TO DO: Transcribe the entries below word for word, beginning at the line with "Com o Pijama" and stopping after the line with "轉碼硬件必須與整個 STB 系統中的其他系統進行良好交互,其中包括數字調諧器、解多路復用器"; drop all pictures.

──────── INFORMATION

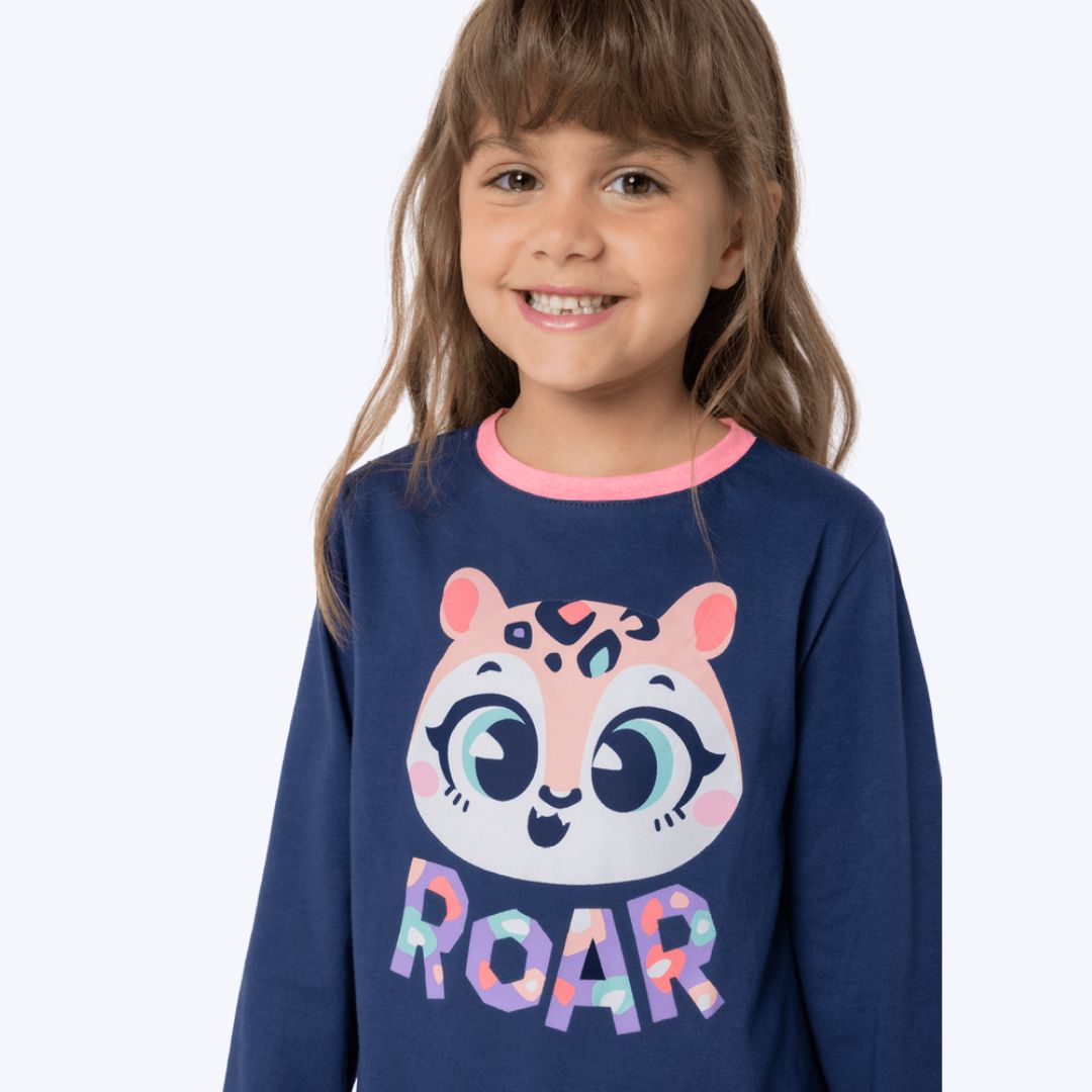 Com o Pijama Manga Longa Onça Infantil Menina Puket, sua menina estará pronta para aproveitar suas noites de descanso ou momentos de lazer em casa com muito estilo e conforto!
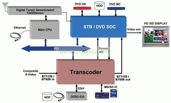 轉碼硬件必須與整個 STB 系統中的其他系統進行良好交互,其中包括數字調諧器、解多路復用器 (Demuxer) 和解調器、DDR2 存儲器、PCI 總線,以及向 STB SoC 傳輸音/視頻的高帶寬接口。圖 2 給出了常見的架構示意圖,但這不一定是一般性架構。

────────────────
──────── INFORMATION

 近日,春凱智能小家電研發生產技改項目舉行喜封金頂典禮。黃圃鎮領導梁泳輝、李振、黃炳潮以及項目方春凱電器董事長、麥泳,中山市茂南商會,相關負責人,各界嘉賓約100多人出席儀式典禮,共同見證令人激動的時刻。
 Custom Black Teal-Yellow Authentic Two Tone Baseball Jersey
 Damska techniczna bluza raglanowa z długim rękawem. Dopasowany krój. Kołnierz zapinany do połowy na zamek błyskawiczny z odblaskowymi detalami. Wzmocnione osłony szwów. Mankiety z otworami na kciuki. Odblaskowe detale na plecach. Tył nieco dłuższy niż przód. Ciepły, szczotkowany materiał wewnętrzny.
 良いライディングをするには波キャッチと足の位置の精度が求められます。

────────────────

ANSWER SPACE:
 Com o Pijama Manga Longa Onça Infantil Menina Puket, sua menina estará pronta para aproveitar suas noites de descanso ou momentos de lazer em casa com muito estilo e conforto!
 轉碼硬件必須與整個 STB 系統中的其他系統進行良好交互,其中包括數字調諧器、解多路復用器 (Demuxer) 和解調器、DDR2 存儲器、PCI 總線,以及向 STB SoC 傳輸音/視頻的高帶寬接口。圖 2 給出了常見的架構示意圖,但這不一定是一般性架構。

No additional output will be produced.